Each week SB Nation NFL sites are all asked a question. This week we have been asked to name a trade we would make. I am going to cheat a little bit. I am not going to name a specific deal. With the trade deadline less than a week away, I am going to lay out some philosophical parameters of the types of trades that are likely, those the Jets should make, and those they should avoid.
Rule 1: Teams want to trade for productive players on favorable contracts, not players who are overpaid and unproductive.
Four years ago, virtually every trade proposal I saw from Jets fans around the deadline included Mark Sanchez and Santonio Holmes. Two years ago, almost every idea involved dealing Geno Smith and Quinton Coples. It should be no surprise that none of those players was actually traded.
Sanchez and Holmes were high priced and didn’t produce. Geno and Coples weren’t high priced, but they weren’t productive.

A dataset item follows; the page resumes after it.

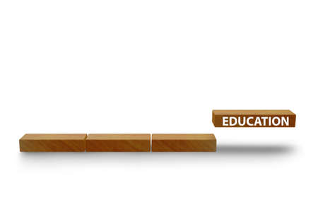 Wooden block for Education concept on wood and white background, close up and selective focus.

This year, two names who frequently come up are Matt Forte and Muhammad Wilkerson. The reasons Jets fans want to trade these two are obvious. They both have relatively large salaries and aren’t living up to them.
The thing is, trades are a two way street. If you don’t want a player because he makes too much money and doesn’t produce, odds are the other team won’t want to trade for that player for the same reasons. Other teams don’t want overpaid players any more than the Jets do.
The opposite is also true. If you don’t want to trade a certain player because he is a good value for his contract, the player will likely have trade value.
In any avenue of life, people want to get something for nothing. Rarely do you get it. I have seen too many bizarre NFL transactions through the years to totally rule out some team wanting to trade for Forte or Wilkerson, but I wouldn’t get my hopes up.
Rule 2: The Jets aren’t contenders right now.
One of the things that curse teams in their roster decisions is believing they are closer to being a contender than they really are.
The Jets are currently overperforming expectations in terms of record. They sit 1.5 games behind the last AFC Playoff spot.
Things haven’t changed from the start of the season, though. This is still a team beginning a rebuild. If you look at this roster, there isn’t a very good chance of making a run this year.
Rule 3: If the Jets get any offer for a player 27 or older, they should probably take it.
Rule 2 colors the thinking the Jets should have. This is a team that should be looking to sell at the deadline if it makes any deals. Few of the players 27 or older figure to still be around and productive by the time the team is ready to seriously compete so they all should be made available. The only two players I might exclude from this are Kelvin Beachum and James Carpenter, who are both solid players on good deals. They aren’t untouchable, but the Jets should extract a meaningful package if another team has interest in making a deal for them.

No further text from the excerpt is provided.